Use this response if a paragraph has a small inconsequential inaccuracy, such as a misspelled name.  For example, in response to an allegation, “The parties are parents of one minor child, Samantha Brook Jones,” one might respond, “Paragraph [seven] is admitted, except that the minor child’s middle name is Brooke, not Brook.”

One could accurately plead by denying part of the allegation: “Paragraph [seven] is admitted in part and denied in part.  It is admitted that the parties are parents of one minor child.  The remaining allegations of paragraph [seven] are denied.”  However such a response leaves the opposing party and the court confused as to whether one’s client is alleging there is some other child at issue.  Correcting the inconsequential fact while admitting the allegation avoids this confusion.
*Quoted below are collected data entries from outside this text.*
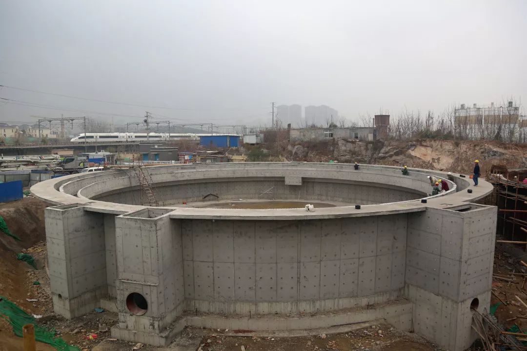 腊山水质净化厂项目控制用地3公顷,设计处理规模40000m³/d,主要服务于腊山片区及玉符河两岸收集的生活污水,工程规模4万吨/日,处理出水满足《城镇污水处理厂污染物排放标准》的一级A标准,污水处理主体工艺采用预处理+AAO工艺+深度处理工艺。目前,项目投入近240名工作人员,各通水单体的建设正加班加点推进中,努力确保按计划完成。
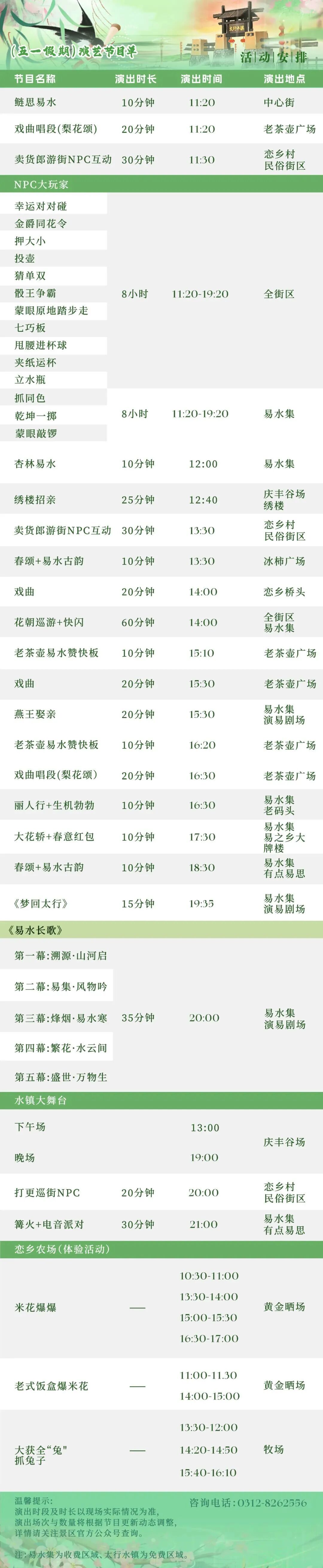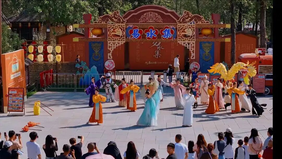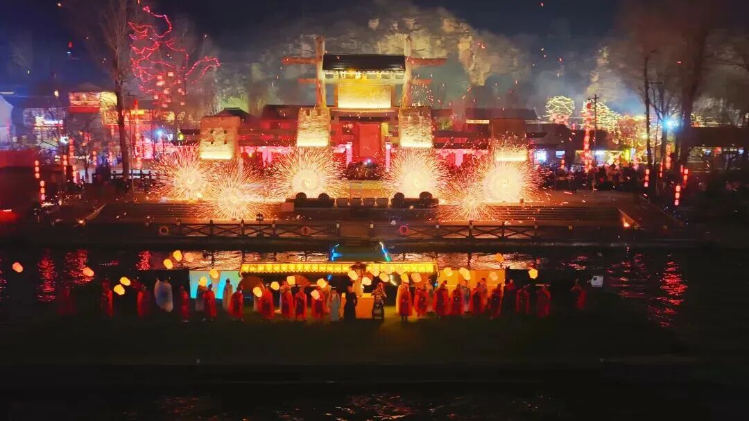 演出分为溯源·山河启、易集·风物吟、烽烟·易水寒、繁花·水云间、盛世·万物生等五幕,搭配非遗打铁花、火壶表演,辅以水幕光影特效,由老守河人娓娓讲述千年易水的传奇故事。
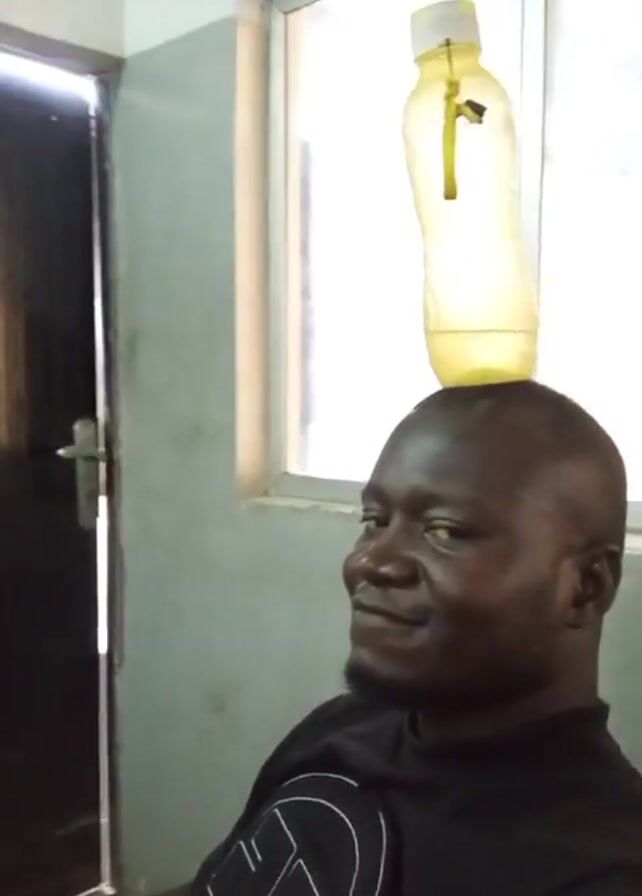 A man with dark skin and a shaved head is shown from the chest up, sitting in what appears to be an indoor room. He wears a black shirt with a white circular design. He smiles and looks at the camera. On top of his head, he is balancing a yellow water bottle, which is slightly translucent and partially filled with liquid. Behind him, there is a window with a white frame and light filtering through. The walls are painted in a muted grey-green. The lighting appears to be bright and somewhat diffuse, possibly from the window.
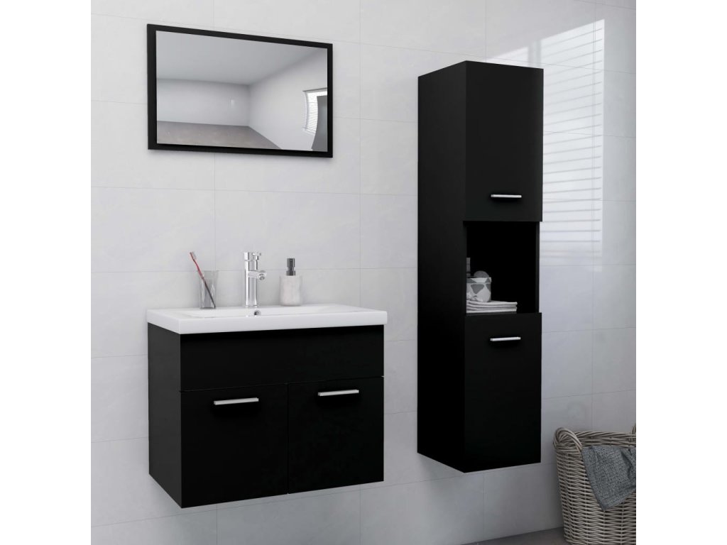 Sada nábytku obsahuje skříňku pod umyvadlo, vysokou skříň a zrcadlo. Stylová umyvadlová skříňka má 1 přihrádku a nahoře je ideálně uzpůsobená k umístění umyvadla. Ve vysoké skříni najdete za dvěma dvířky celkem 5 přihrádek, které vám poskytnou spoustu místa k uložení vašich věcí. Zrcadlo zase dodá vaší domácnosti nový půvab. Celý set koupelnového nábytku snadno očistíte navlhčeným hadříkem.
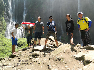 berfoto bersama dengan backgrounda tumpak sewu

5) Deny the allegation: “Paragraph [seven] is denied.”

Use this response when one believes the allegation is inaccurate.

6) Admit the allegation in part and deny it in part: “Paragraph [seven] is admitted in part and denied in part.  It is admitted that…..  The remaining allegations of paragraph [seven] are denied.”

Failing to use this type of response when an allegation is partially accurate leads to credibility problems at trial. One can be impeached for denying that which is obviously true, as Rule 8(b), SCRCP is explicit that when an allegation is partially true it is inappropriate to deny the whole matter.  Attorneys who deny an allegation because it is only partially true are being too cute at their client’s expense.

If one is denying just one or two elements of the paragraph, it can be easier to frame the response as, “Paragraph [seven] is admitted in part and denied in part.  It is denied that…..  The remaining allegations of paragraph [seven] are admitted.”

7) Indicate no response is required to the allegation: “No response is required to paragraph [seven].”

Often when attorneys plead more than one cause of action, they will begin each new cause of action with variation of, “[Plaintiff/Defendant repeats and realleges the above paragraphs as though set forth herein below.”  There’s no argument the other party is doing that but there’s really no need for a response.  However failing to respond to an allegation may lead to that allegation being treated an admission.  Rule 8(d), SCRCP states:

Averments in a pleading to which a responsive pleading is required, other than those as to the amount of damage, are admitted when not denied in the responsive pleading. Averments in a pleading to which no responsive pleading is required or permitted shall be taken as denied or avoided.

If the trial judge believes such averments require a response, failing to respond to such allegations could be treated as an admission.  In that circumstance, is the admission that the other party is repeating its allegations or that the repeated allegations are true?  It’s safest to simply indicate one’s belief that no responsive pleading is required.


Overly verbose or inaccurate responsive pleadings can damage one’s case.  After twenty years of practice I’ve yet to see a pleading allegation that cannot be responded to accurately by one of the seven methods noted above.

One thought on How not to bung-up a responsive pleading

  1. George Sink says:

    Really important information, Greg. It was a turning point in my career when I started thinking about cases by first putting the pleadings in front of me and seeing what was admittied and denied.
    That underscored the wisdom of using the sort of precision in pleading that you outline above.
    Thank you for your consistently excellent insights.